Please give back, word for word, only the lines starting at the one containing "明日は、「1学期・中間評価・2日目」です。" and ending at the one containing "- Flug (Economy)" within the material below.
*** Data Section Begins ***
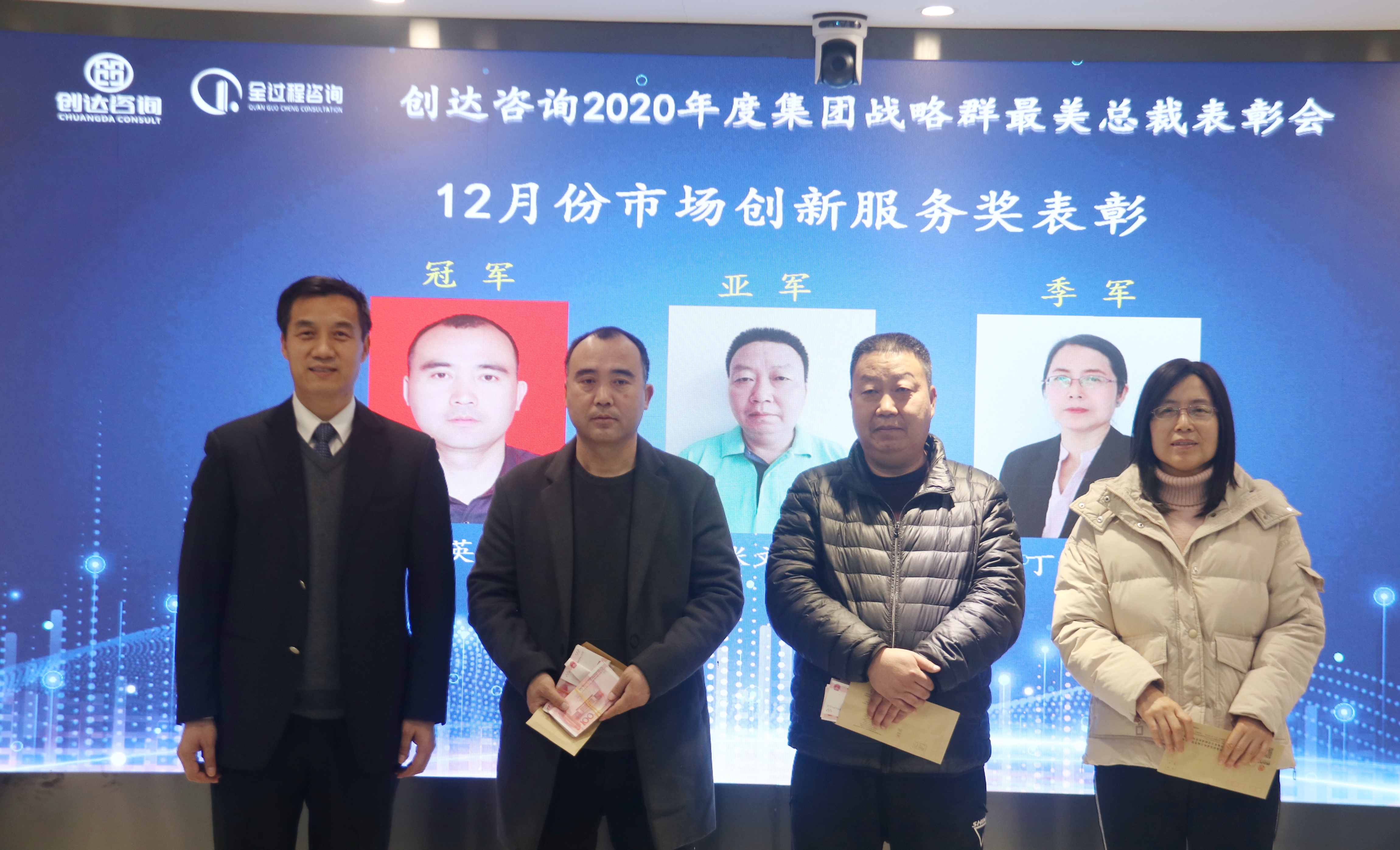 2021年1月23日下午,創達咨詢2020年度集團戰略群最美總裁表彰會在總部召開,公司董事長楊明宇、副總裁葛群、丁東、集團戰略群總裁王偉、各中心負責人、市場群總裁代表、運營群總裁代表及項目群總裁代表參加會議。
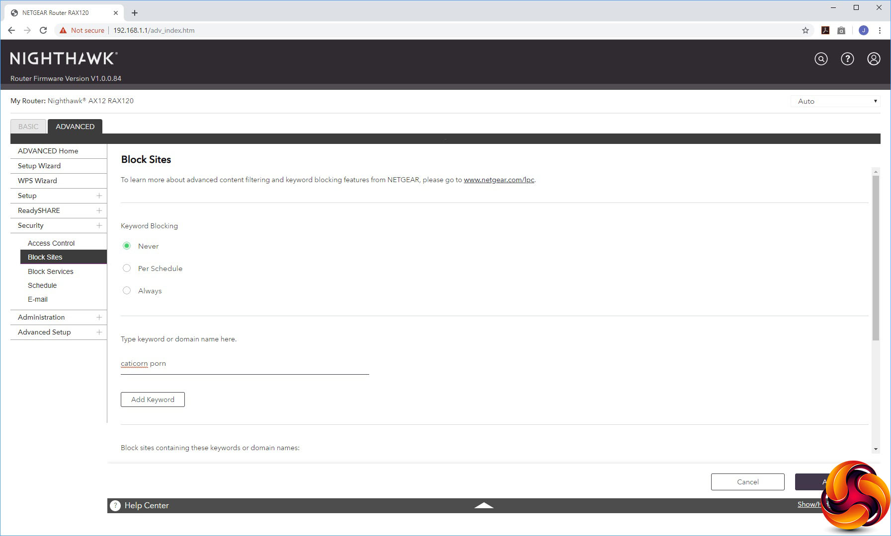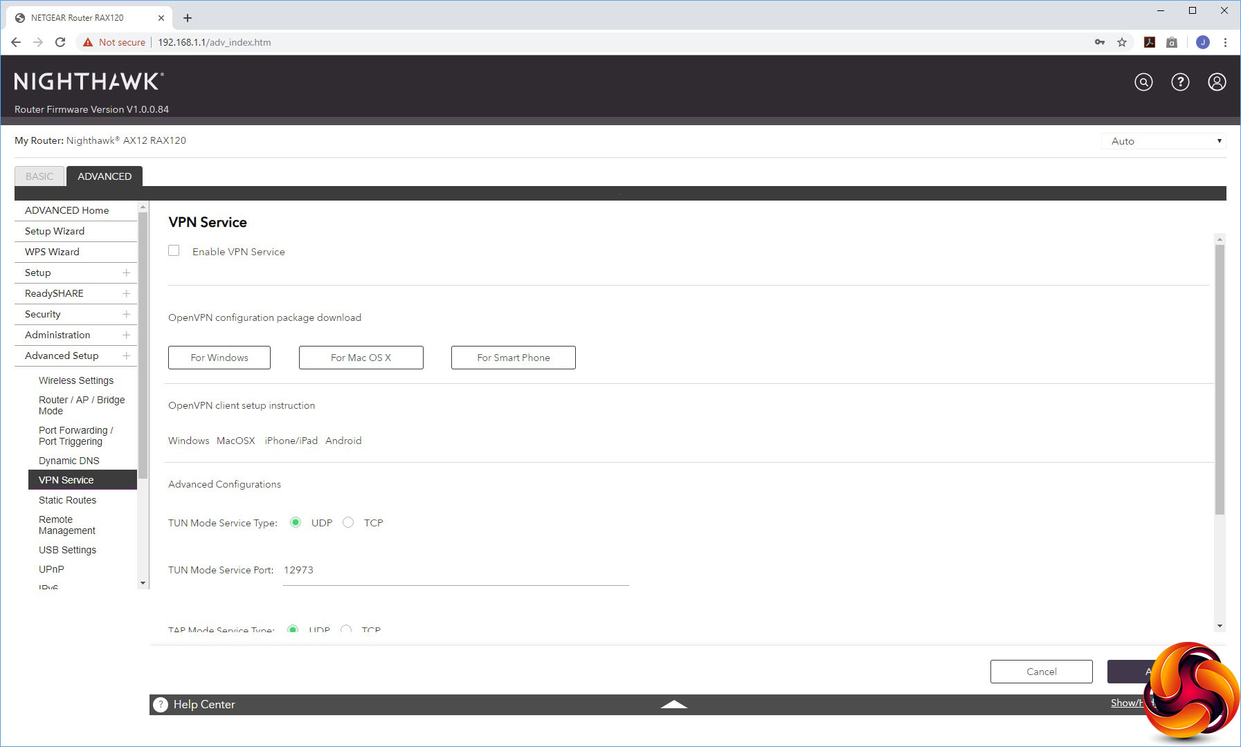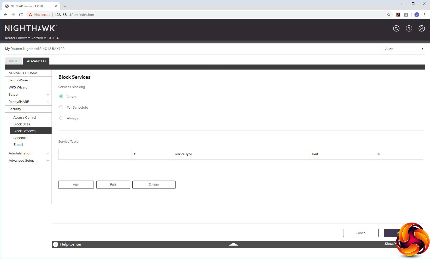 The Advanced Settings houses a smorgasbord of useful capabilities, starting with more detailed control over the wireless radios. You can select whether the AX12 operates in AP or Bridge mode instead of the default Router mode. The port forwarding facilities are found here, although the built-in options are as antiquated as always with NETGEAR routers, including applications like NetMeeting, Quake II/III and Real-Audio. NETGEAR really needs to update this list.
*** Data Section Ends ***
*** Data Section Begins ***
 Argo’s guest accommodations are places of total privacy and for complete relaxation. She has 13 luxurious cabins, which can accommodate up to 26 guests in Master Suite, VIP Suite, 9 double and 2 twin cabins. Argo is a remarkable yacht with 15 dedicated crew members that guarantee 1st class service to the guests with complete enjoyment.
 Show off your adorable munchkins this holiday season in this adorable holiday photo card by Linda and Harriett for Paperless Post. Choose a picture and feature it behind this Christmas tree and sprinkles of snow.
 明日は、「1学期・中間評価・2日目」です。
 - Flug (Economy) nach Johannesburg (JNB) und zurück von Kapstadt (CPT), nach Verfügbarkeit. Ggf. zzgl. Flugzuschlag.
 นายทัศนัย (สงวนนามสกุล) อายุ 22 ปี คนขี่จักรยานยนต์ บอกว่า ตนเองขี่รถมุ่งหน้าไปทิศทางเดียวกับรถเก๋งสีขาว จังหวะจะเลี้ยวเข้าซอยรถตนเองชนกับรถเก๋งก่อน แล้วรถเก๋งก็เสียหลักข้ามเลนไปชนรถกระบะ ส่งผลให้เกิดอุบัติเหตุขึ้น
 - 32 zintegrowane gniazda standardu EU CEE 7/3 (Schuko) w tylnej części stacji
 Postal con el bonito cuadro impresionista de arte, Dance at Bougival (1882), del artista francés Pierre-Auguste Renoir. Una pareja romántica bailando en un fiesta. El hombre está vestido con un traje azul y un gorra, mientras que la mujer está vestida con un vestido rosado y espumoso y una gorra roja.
*** Data Section Ends ***
Finished exercise =
 明日は、「1学期・中間評価・2日目」です。
 - Flug (Economy) nach Johannesburg (JNB) und zurück von Kapstadt (CPT), nach Verfügbarkeit. Ggf. zzgl. Flugzuschlag.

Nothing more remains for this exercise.